> [Data excerpt]:
####################
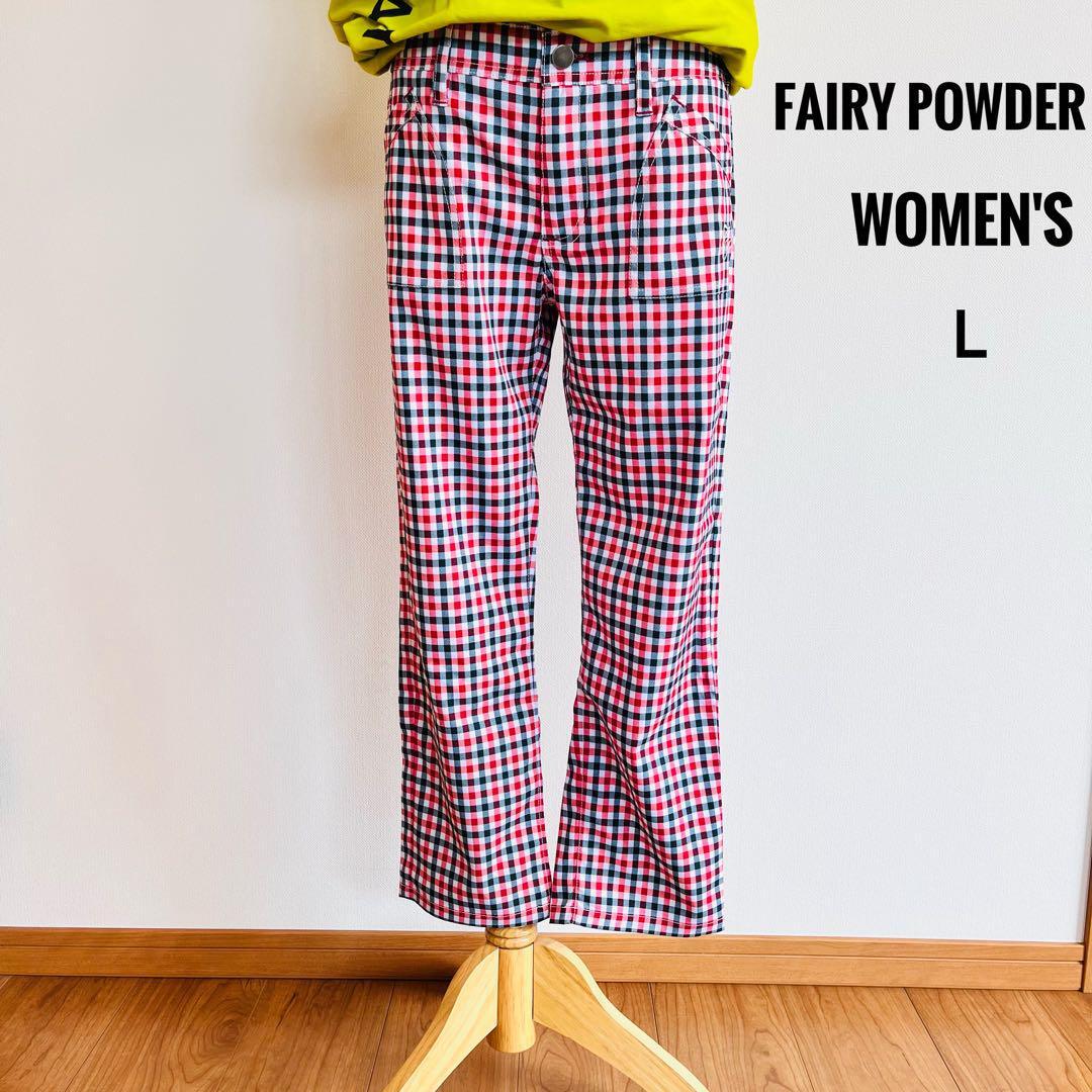 > FAIRY POWDER フェアリーパウダー レディース クロプッドパンツ ゴルフパンツ チェック 刺繍ロゴ L
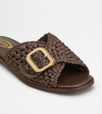 Sandals in woven raffia with branded metal buckle, leather detailing and insole, leather outsole. - Made in Italy - Women's Tod's Sandals - Raffia upper - Leather detailing - Branded metal buckle - Leather insole - Leather outsole - Maintenance and care cards included - Branded dustbag
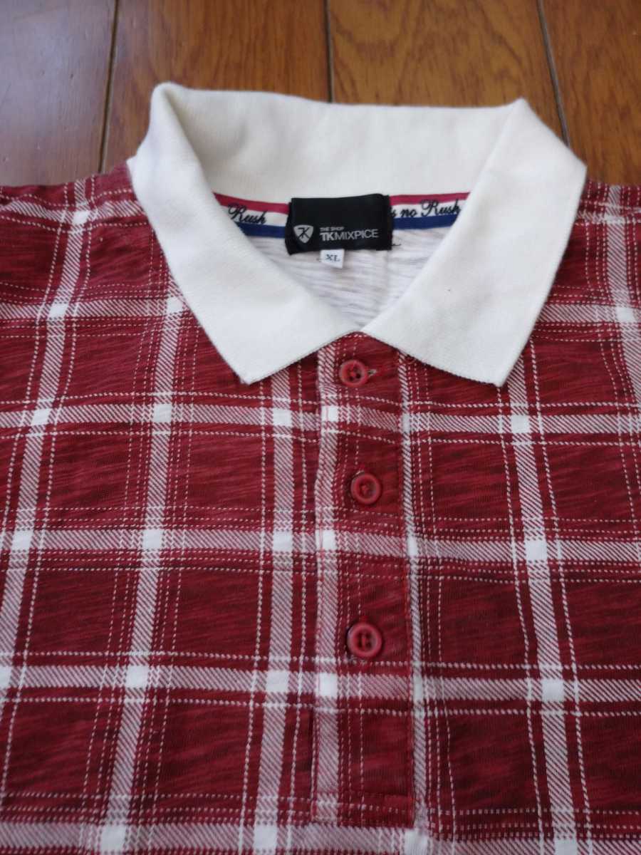品名 タケオキクチ/ポロシャツ/半袖/カラーWレッド チェック柄/サイズXL
####################
> [Task description]: Print the full listing again exactly, and drop every image from it.

> [Response box]:
 > FAIRY POWDER フェアリーパウダー レディース クロプッドパンツ ゴルフパンツ チェック 刺繍ロゴ L
 Sandals in woven raffia with branded metal buckle, leather detailing and insole, leather outsole. - Made in Italy - Women's Tod's Sandals - Raffia upper - Leather detailing - Branded metal buckle - Leather insole - Leather outsole - Maintenance and care cards included - Branded dustbag
品名 タケオキクチ/ポロシャツ/半袖/カラーWレッド チェック柄/サイズXL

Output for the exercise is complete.